Thank you, Swift Boat Veterans, for chucking the blocks out of memory. It all comes back to me now: Vietnam, anti-war protests, Civil Rights struggles. But not at all in the way John O'Neill is re-telling it.
During the Nixon administration, when oily placating pronouncements came from the White House in direct contradiction to what we were seeing and coming to understand about the Vietnam War, we had to learn that even if a president says a thing, it doesn't make it so. The scruffier the long-haired youth of American became, the more outlandish the claims of close-cropped Nixon Republicans. "I'm clean, and so is my underwear," they seemed to be saying. "And you have to trust me no matter how many nasty things I do." Tricky Dick earned that moniker. We can win the war, he said. But the war got bigger and nastier and more unwinnable under the cloak of secret troop movements and untrackable sums of money.
In 1972 I was arrested at the Republican National Convention in Miami for protesting the war and Nixon's re-election. There were tens of thousands of us, but by then the movement was aged, and we were poorly organized, splintered in fact, into a bevy of special interests: Yippies, Gay Rights, Women's Libbers, Anarchists, Communists, Black Panthers, Vietnam Veterans Against the War and others.

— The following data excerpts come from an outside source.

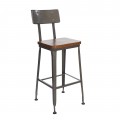 Lincoln Barstool, clear coat metal back, autumn ash wood seat, footrest, welded steel frame with clear coat finish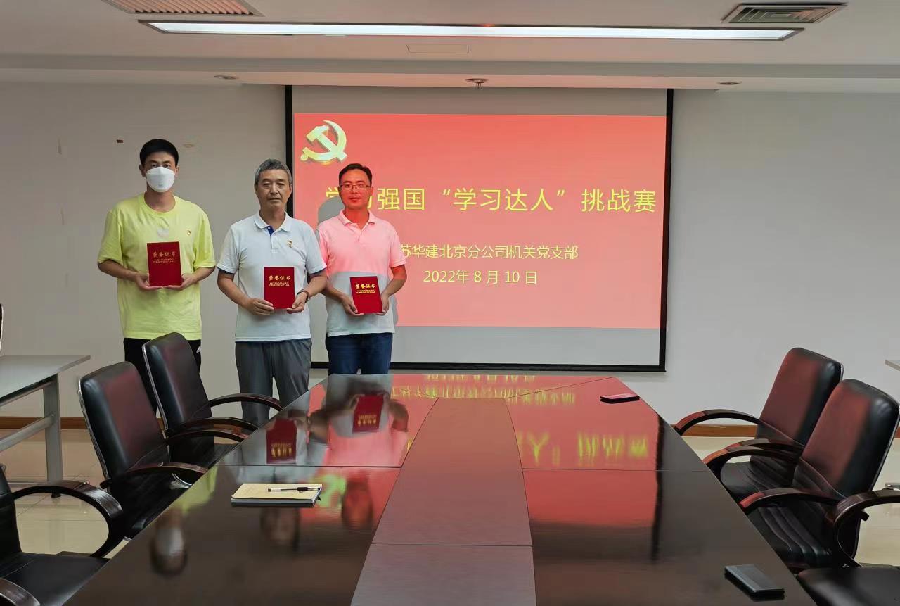為進一步用好“學習強國”平臺,推動系統黨員干部群眾不斷深入學習貫徹習近平新時代中國特色社會主義思想,結合上級黨組織要求,北京分公司機關黨支部于8月10日組織全體在京黨員開展線下學習強國“學習達人”挑戰賽活動。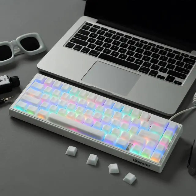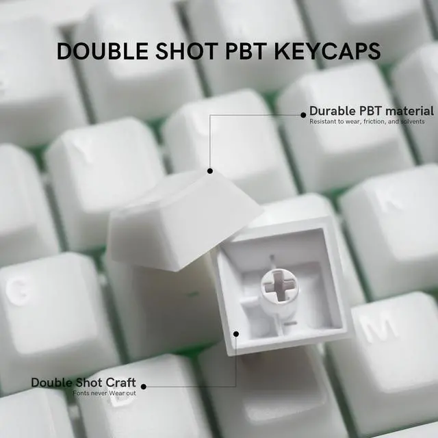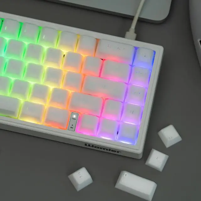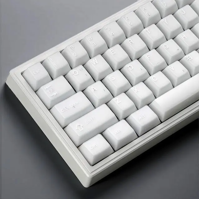 The keycaps have a soft, White hue with subtle variations, resembling the natural tones of White jade stone. They feature a slightly translucent or semi-opaque finish, mimicking the way light passes through jade.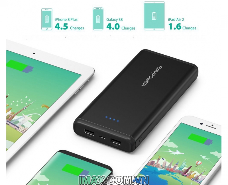 - Nhiều năng lượng hơn với RAVPower RP-PB006- 20000mAh:Với mức dung lượng 20000mAhcho phép bạn mang theo PB006 trong hành lý xách tay của bạn trên chuyến bay nội địa hoặc quốc tế, sạc dự phòng cầm tay nàycó thể cung cấp 6,1 lần sạc đầy cho iPhone 7, 4 lần sạc đầycho Samsung Galaxy S8 và 1,6 lần sạc đầycho iPad Air.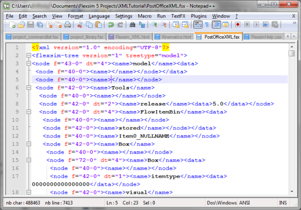 Now you've saved the file in FlexSim's XML format. You can view the file in a regular text editor like Notepad, Visual Studio, Notepad++, EditPlus, etc.

It was the worst of the 1960s and '70s anti-war movement—unfocused anarchism with no clear agenda. But we were young, with the strong certainty that we were right. So even when no one was leading, we were marching.
History ultimately proved us right. In spite of the fact that we were so young. In spite of the fact that many of us got our facts garbled and let passion overwhelm politic actions. And in spite of the fact that Nixon's two administrations fought desperately to discredit us—from the foot soldiers like me (a 20-year-old woman from Mississippi) to John Kerry, a decorated Vietnam veteran who chose to speak the truth as he knew it.
To those of us who had marched, been arrested and done all that was in our feeble power to end the war, Kerry was a hero. He had the credentials and the guts to add his voice to the imperative of halting the war and returning the country to sanity. But it was hard. "America—love it or leave it" was the conservative imperative. For those of us who loved our country, but wanted to fix it rather than leave it, the times were poisonous.
Now when I watch the Nixon attack-pawn O'Neill re-wound and sent out to bluster for Bush, talking about the Swift Boat Veterans, scrutinizing and distorting John Kerry's war record through the lens of 21st-century history redux with obfuscated parsing of unprovable details, I see the faces of leering bigots with dogs and riot police who shot to kill college students. And I remember what was so galvanizing about the 1960s: We spoke out individually, then coalesced into a powerful life-changing movement, led by people's heroes—unlikely men like Medgar Evers and Martin Luther King and women like Rosa Parks and Fannie Lou Hamer. All of whom could have lived quiet lives out of harm's way, as so many did, but who chose instead to speak out in order to right horrible wrongs. We were idealists, not ideologues, and we have lived long enough to see our ideas made real.
Societal upheaval creates its own leaders—people thrust into the spotlight, not because they sought it but because they are caught like rabbits in the headlights of history. Our leaders in the '60s were not solicited as O'Neill's group is. Our leaders paid a horrible price in personal pain, emotional turmoil, persecution and even death; they paid a price in social ostracism, loss of closely held friendships, economic hardship and disruption of their lives.
Our country is better today than it was then because people like Kerry spoke their conscience. But now the Swift Boat Veterans are denying the truth of those former times, rewriting history to suit the re-election needs of a struggling candidate and doing it on a Republican bankroll. How many millions did it take before O'Neill et al found their convictions?
When Nixon died and his reputation was being resurrected in hindsight by smug-faced conservatives who said the Vietnam War could have been won if not for the anti-war movement giving aid and comfort to the enemy, I laughed out loud. Didn't we win the Cold War despite abandoning the one in Vietnam, by taking a different approach? Didn't we overcome the humbling lack of a military victory in Vietnam because the people of the United States forced retreat and made it possible for us to regain the moral high ground in the world community? The Communist dominoes toppled, but not onto us as Kennedy and Johnson and Nixon had predicted.
So why are Republican ideologues being allowed to rewrite history and make John Kerry a traitor? Can't they ever take responsibility for making a mess of things? Or even for dodging military service at a time when so many (but not John Kerry) did? Must they always sell the truth to obtain the perception of right? They seem compelled to rush into a cesspool of Shakespearean-sized fiction like freshly barbered lemmings.
Ruth Campbell Williams is the co-author, with Jeff Durstewitz, of "Younger Than That Now, A Shared Passage from the 60s" (Bantam/Doubleday/Dell, 2000). She is a regular contributor to the Jackson Free Press and a freelance writer. She lives in Flora, Miss.